You can't just blindly substitute std::auto_ptr for every raw pointer. In particular, auto_ptr transfers ownership on assignment, which is great for some purposes but definitely not for others.
There is a real reason there are several varieties of smart pointers (e.g., shared_ptr, weak_ptr, auto_ptr/unique_ptr, etc.) Each fulfills a different purpose. One major weakness of a "raw" pointer is that it has so many different uses (and has that versatility largely because it does little or nothing to assist in any one purpose). Smart pointers tend to be more specialized, which means they can be more intelligent about doing one thing well, but also means you have to pick the right one for the job or it'll end up dong the wrong things entirely.

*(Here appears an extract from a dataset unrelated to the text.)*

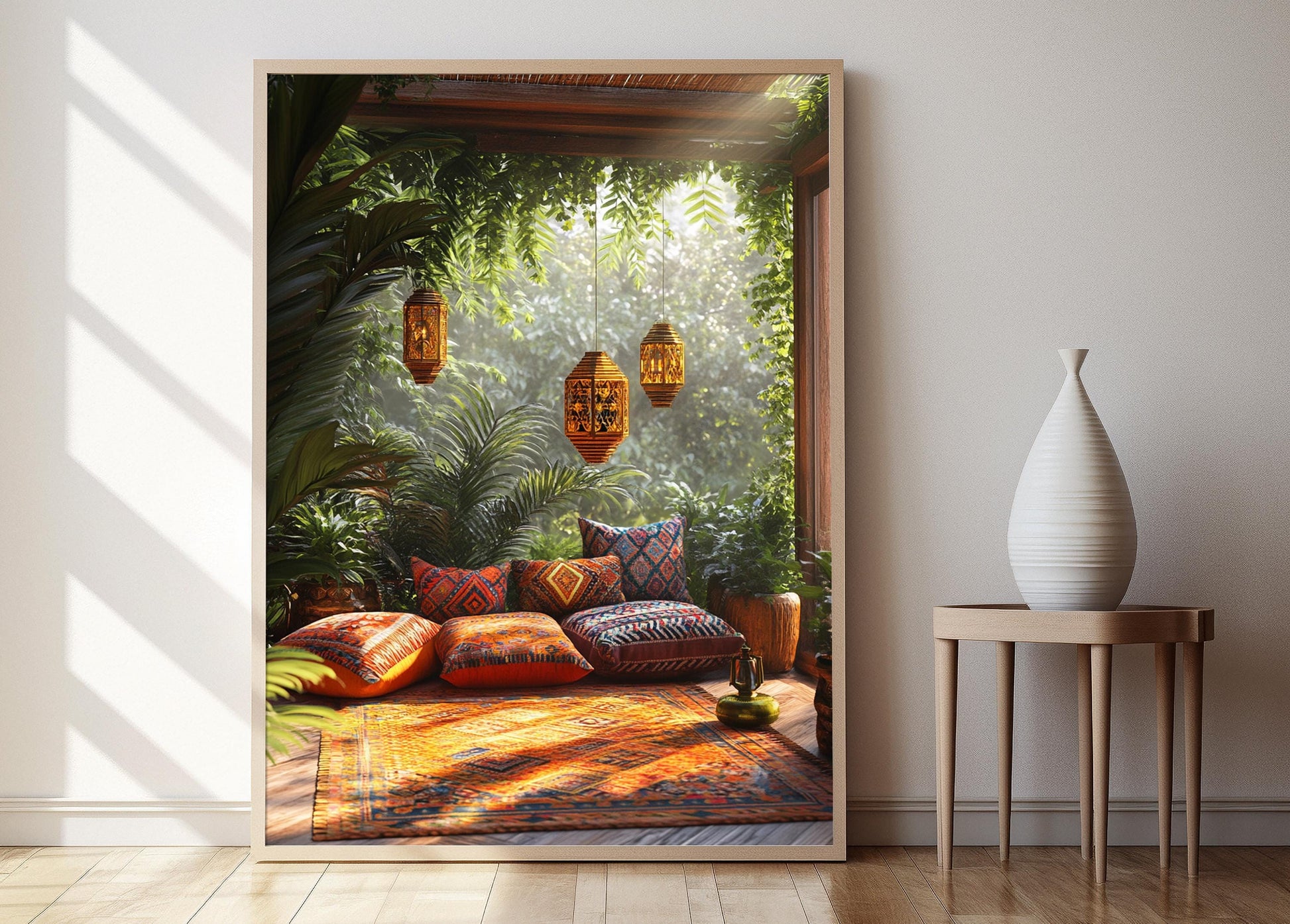 Plongez dans l'atmosphère chaleureuse et accueillante de cette affiche inspirée des toits de Medan, où des coussins au motif songket, des lanternes en laiton et des nattes tissées se mêlent harmonieusement. Cette illustration évoque une élégance intemporelle tout en célébrant la richesse culturelle de l'Indonésie, faisant de ce poster mural une pièce essentielle pour toute décoration murale. Laissez-vous séduire par cette œuvre d'art mural qui transformera votre espace en un havre de paix empreint de traditions.

Smart pointers allows to define automatically the life-time of objects it refers to. That's the main thing to understand.
So, no, you shouldn't use smart pointers everywhere, only when you want to automate life-time of your objects instead of having, for example, an object managing those objects inside from birth to death. It's like any tool : it solves specific kind of problems, not all problems.
For each object, you should think about the life cycle it will go through, then choose one of the simplest correct and efficient solution. Sometimes it will be shared_ptr because you want the object to be used by several components and to be automatically destroyed once not used anymore. Sometimes you need the object only in the current scope/parent-object, so scoped_ptr might be more appropriate. Sometimes you need only one owner of the instance, so unique_ptr is appropriate. Maybe you'll find cases where you know an algorithm that might define/automate the lifetime of an object, so you'll write your own smart pointer for it.
For example of opposite case, using pools forbids you to use smart_ptr. Naked pointers might be a more welcome simple and efficient solution in this particular (but common in embedded software) case.
See this answer (from me) for more explainations : https://softwareengineering.stackexchange.com/questions/57581/in-c-is-it-a-reflection-of-poor-software-design-if-objects-are-deleted-manuall/57611#57611

Should they really be used, even if I check memory leaks on allocated memory blocks?
YES
The whole purpose of smart pointers is, it help you implement RAII(SBRM), which basically lets the resource itself take the responsibility of its deallocation and the resource doesn't have to rely on you explicitly remembering to deallocate it.
If I do not use them, can this be considered as programming weakness?
NO,
It is not a weakness but a inconvenience or unnecessary hassle to explicitly manage the resources by yourself if you are not using Smart pointers(RAII). The purpose of smart pointers to implement RAII is to provide efficient and hassle free way of handling resources and you would just not be making use of it if you are not using it. It is highly recommended to use it purely for the numerous advantages it provides.
If the smart pointers(ex: std::auto_ptr)are strongly recommended, should I use them instead of every naked pointer?
YES
You should use smart pointers wherever possible because simply there is no drawback of using them and just numerous advantages to use them.
Don't use auto_ptr though because it is already deprecated!! There are various other smart pointers available that you can use depending on the requirement. You can refer the link above to know more about them.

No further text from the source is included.